A reproducible lab result plus quiz verification and incident-safe operating evidence.

Chapter 12: Controlled Chaos

Learning Objectives

By the end of this chapter, you will be able to:

  • Design a bounded chaos drill with explicit kill switch and time window
  • Execute deterministic failure injection before advancing to random chaos
  • Capture evidence during controlled disruption for post-drill analysis
  • Distinguish a chaos drill from an uncontrolled experiment

Start with the video for the concept overview, then work through each lesson section.

Recall Check

Before continuing, quickly recall:

  • What is the difference between HPA bounds and PDB constraints during a node drain? (Chapter 09)
  • Why does logs-only debugging fail without trace_id correlation? (Chapter 10)
  • Why is a backup that has never been restored not actually a backup? (Chapter 11)

If you can’t answer these, revisit the corresponding chapter before proceeding.

Production resilience is not proven in calm conditions.

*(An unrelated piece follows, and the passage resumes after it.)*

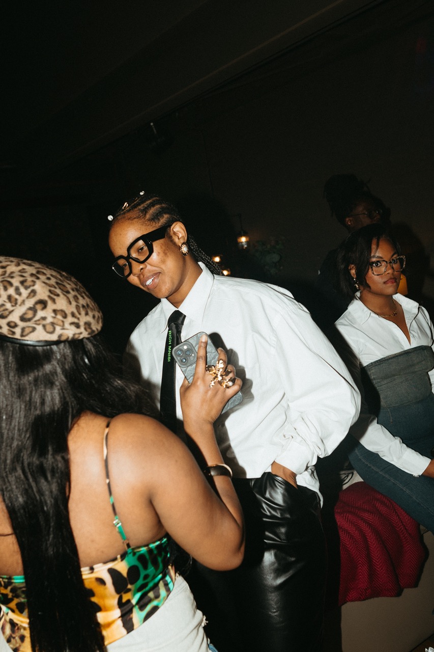 The evening’s centrepiece was a fifty-minute panel led by Nthabiseng Mushi, bringing together creative powerhouses like brand architect and digital maven Mike G, the multi-talented tech-and-art fusionist Larissa Umulinga, finance pro turned DJ Anzo, headwear innovator Ebrimâ Badjie, and visionary stylist Thando Motswalo herself—the driving force behind The Meet. This wasn’t just talk; it was a compelling dialogue about creativity, authenticity, and the often-overlooked journey of African fashion. Each panelist brought a distinct perspective, sharing stories about their paths, their passions, and their commitment to bringing African culture into the limelight. To bring the formalities of the night to a close, Ugandan artist Sweet Cocoa serenaded the crowd with covers from John Legend, Rae Khalil and Lady Wray.

The only way to know if your failover and alerts work is to break things on purpose. In this chapter, we implement a Chaos Monkey to rehearse failure under controlled conditions.

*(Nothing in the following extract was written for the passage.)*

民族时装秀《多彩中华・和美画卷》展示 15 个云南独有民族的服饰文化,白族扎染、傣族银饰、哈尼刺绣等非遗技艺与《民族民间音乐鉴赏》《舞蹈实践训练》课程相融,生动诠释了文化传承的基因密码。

1. The Problem: The “Improvisation Under Stress”

A real failure mode appears for the first time during a high-stakes on-call shift. Responders improvise under stress, and mitigation becomes a manual, slow process. Recovery takes longer because the system’s behavior under failure was never practiced.

2. The Concept: Failure as an Experiment

We treat chaos like a scientific experiment, not a random act of destruction.

  1. Blast Radius: Limit failure to the develop namespace.
  2. Kill Switch: Every chaos tool must have an immediate “Stop” button.
  3. Measurable Impact: Run a drill only when you know exactly which metrics you expect to change.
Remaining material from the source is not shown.